The line holding "Men's Cuba Guayabera" is the last one to output; start at the first line of the data, keep every line in between exactly, and leave out pictures.

(EXERCISE DATA)

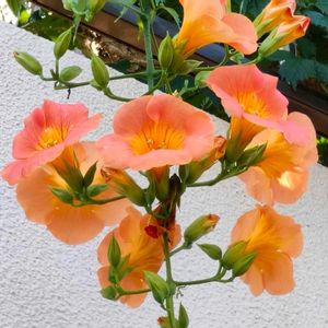 おはようございます😊 ノウゼンカズラの花が咲き始め ました 涼しげに泳ぐめだかたち
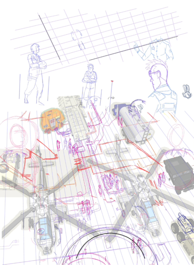 这是《球状闪电(下)》里的一处分镜手稿,可见,每个人物在画面中的位置以及与背景的呼应关系都经过巧妙的安排。
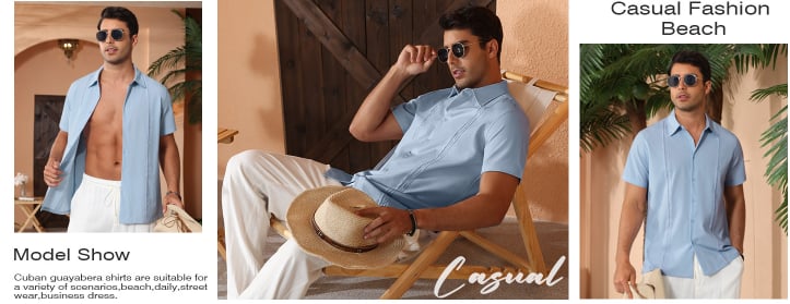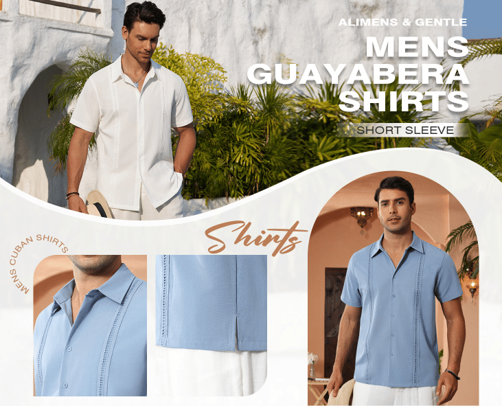 Men's Cuba Guayabera Exquisite Hollow Embroidered Button Front Shirt
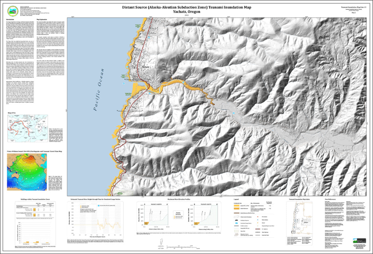 The Oregon Department of Geology and Mineral Industries (DOGAMI) has been identifying and mapping the tsunami inundation hazard along the Oregon coast since 1994. In Oregon, DOGAMI manages the National Tsunami Hazard Mitigation Program, which has been administered by the National Oceanic and Atmospheric Administration (NOAA) since 1995. DOGAMI’s work is designed to help cities, counties, and other sites in coastal areas reduce the potential for disastrous tsunami-related consequences by understanding and mitigating this geologic hazard. Using federal funding awarded by NOAA, DOGAMI has developed a new generation of tsunami inundation maps to help residents and visitors along the entire Oregon coast prepare for the next Cascadia Subduction Zone (CSZ) earthquake and tsunami.

(End EXERCISE DATA)

# SOLUTION:
 おはようございます😊 ノウゼンカズラの花が咲き始め ました 涼しげに泳ぐめだかたち
 这是《球状闪电(下)》里的一处分镜手稿,可见,每个人物在画面中的位置以及与背景的呼应关系都经过巧妙的安排。
 Men's Cuba Guayabera Exquisite Hollow Embroidered Button Front Shirt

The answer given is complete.